Did you know that EU has its own heritage list?

Did you know that EU has its own heritage list?

It’s not meant to rival UNESCO but rather to focus on sites and traditions that symbolize the ancient roots of European values

Last week, seven sites and cultural traditions received the European Heritage Label boosting the total list to 67 such objects. Yet not many Europeans seem to be aware of this distinction, even though it has been in existence for a decade now.

When most people think of cultural heritage preservation they think of UNESCO, which boasts a large and growing base of tangible and intangible monuments across the world attesting to the genius of humankind throughout the centuries.

The European Heritage Label hasn’t reached that kind of prominence due to its more limited geographical scope. Plus, its stated aim is slightly different. The European Commission’s initiative seeks to discover and preserve sites and traditions that grant the concept of European values (such as liberty, tolerance, integration) a certain commonality and historicity.

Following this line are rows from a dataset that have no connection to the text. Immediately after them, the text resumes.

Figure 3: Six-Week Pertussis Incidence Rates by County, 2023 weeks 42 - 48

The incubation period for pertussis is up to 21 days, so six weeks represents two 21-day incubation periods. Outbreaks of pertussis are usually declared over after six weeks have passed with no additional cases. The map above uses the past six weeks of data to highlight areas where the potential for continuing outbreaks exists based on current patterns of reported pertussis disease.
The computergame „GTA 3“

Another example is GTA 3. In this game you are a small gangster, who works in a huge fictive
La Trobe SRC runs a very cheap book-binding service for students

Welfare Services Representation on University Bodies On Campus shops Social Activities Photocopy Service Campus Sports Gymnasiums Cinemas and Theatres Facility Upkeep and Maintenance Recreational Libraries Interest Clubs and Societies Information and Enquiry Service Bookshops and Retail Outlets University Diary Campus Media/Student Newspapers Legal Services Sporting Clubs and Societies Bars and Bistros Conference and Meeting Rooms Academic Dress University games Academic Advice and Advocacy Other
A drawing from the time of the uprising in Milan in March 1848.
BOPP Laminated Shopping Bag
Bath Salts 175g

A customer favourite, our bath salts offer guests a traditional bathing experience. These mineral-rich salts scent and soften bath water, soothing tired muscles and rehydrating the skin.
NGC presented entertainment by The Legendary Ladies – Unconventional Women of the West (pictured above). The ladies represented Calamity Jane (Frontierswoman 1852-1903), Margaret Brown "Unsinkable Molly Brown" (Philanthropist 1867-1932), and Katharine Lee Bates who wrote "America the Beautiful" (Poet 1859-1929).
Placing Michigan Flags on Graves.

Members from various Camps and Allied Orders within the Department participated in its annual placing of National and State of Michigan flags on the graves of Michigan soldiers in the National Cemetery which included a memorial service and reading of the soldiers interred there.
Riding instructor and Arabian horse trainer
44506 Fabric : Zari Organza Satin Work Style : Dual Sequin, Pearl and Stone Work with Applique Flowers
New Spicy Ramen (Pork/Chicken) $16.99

The European narrative and the history behind it

Crafting a coherent (pan)-European identity has been one of the biggest challenges for the political and economic project that is the European Union. This is where the EU officials have decided to also look back into the past not only as periods of conflict and division but also as times of commonality that have crafted a subtle yet perceptible sense of what it means to be European.

The European Heritage Label combines both tangible and intangible monuments.

For example, among the objects awarded the label this year, we can see a hidden church in Amsterdam called Our Lord in the Attic. The clandestine temple served the small Catholic community of the city and while the authorities knew about its operation, they turned a blind eye as long as it wasn’t too visible. Kind of makes you think about the contemporary tolerance of Dutch authorities to soft drug consumption.

The only intangible monument listed this year was the Finnish epic Kalevala, which is a collection of oral mythological poetry that has served to inspire Finnish nationalism and works of art, literature, film and music. It’s known to have been one of the influences on JRR Tolkien’s The Lord of the Rings fantasy epic.